What the task asks: Pictures stay out of your copy, but everything else in the records below must be repeated exactly.

### Data ###

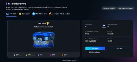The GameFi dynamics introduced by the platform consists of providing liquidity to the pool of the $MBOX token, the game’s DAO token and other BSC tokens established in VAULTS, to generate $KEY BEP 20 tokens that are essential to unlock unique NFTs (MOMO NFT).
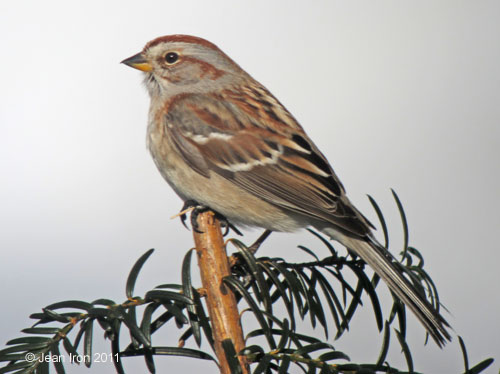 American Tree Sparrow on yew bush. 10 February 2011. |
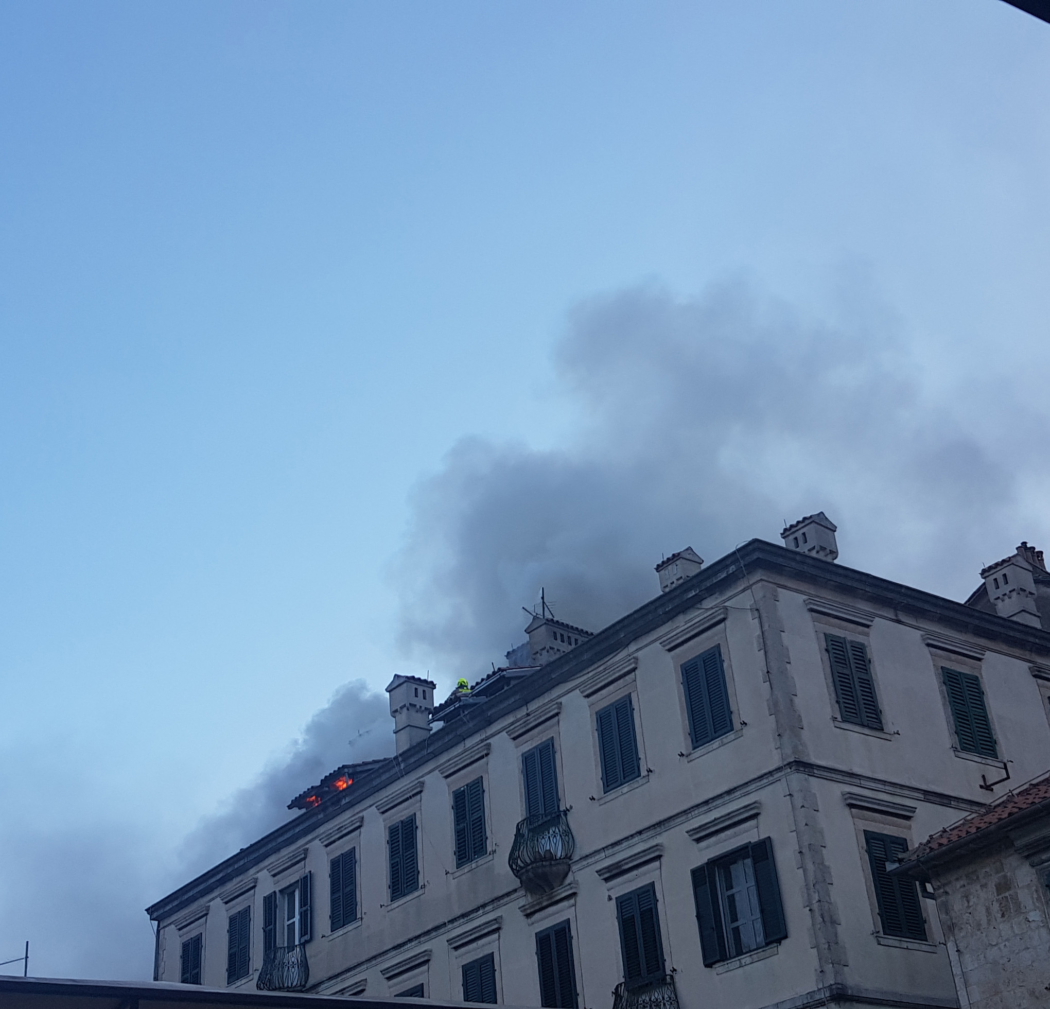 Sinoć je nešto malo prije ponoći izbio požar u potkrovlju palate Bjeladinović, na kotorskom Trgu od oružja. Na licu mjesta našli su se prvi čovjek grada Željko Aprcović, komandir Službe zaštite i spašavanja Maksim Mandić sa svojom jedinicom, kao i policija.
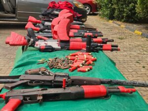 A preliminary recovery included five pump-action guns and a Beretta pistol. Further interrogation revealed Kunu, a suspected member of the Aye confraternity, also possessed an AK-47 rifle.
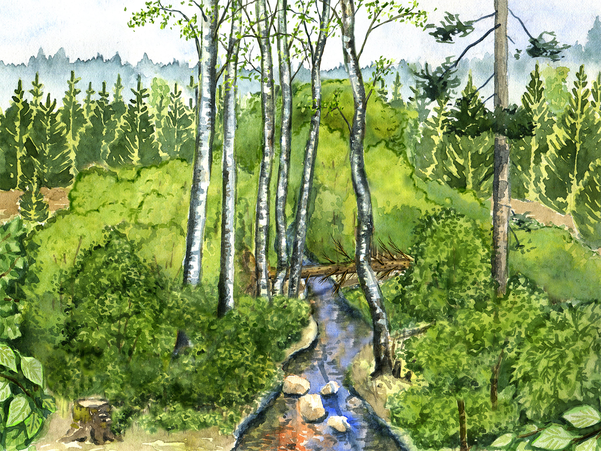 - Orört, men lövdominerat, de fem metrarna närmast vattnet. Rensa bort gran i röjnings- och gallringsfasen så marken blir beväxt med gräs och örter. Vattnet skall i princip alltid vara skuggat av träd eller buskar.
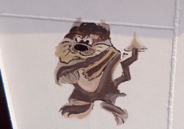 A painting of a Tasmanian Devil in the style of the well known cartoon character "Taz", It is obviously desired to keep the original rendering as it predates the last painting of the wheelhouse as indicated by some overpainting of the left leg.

###

Response area:
The GameFi dynamics introduced by the platform consists of providing liquidity to the pool of the $MBOX token, the game’s DAO token and other BSC tokens established in VAULTS, to generate $KEY BEP 20 tokens that are essential to unlock unique NFTs (MOMO NFT).
 American Tree Sparrow on yew bush. 10 February 2011. |
 Sinoć je nešto malo prije ponoći izbio požar u potkrovlju palate Bjeladinović, na kotorskom Trgu od oružja. Na licu mjesta našli su se prvi čovjek grada Željko Aprcović, komandir Službe zaštite i spašavanja Maksim Mandić sa svojom jedinicom, kao i policija.
 A preliminary recovery included five pump-action guns and a Beretta pistol. Further interrogation revealed Kunu, a suspected member of the Aye confraternity, also possessed an AK-47 rifle.
 - Orört, men lövdominerat, de fem metrarna närmast vattnet. Rensa bort gran i röjnings- och gallringsfasen så marken blir beväxt med gräs och örter. Vattnet skall i princip alltid vara skuggat av träd eller buskar.
 A painting of a Tasmanian Devil in the style of the well known cartoon character "Taz", It is obviously desired to keep the original rendering as it predates the last painting of the wheelhouse as indicated by some overpainting of the left leg.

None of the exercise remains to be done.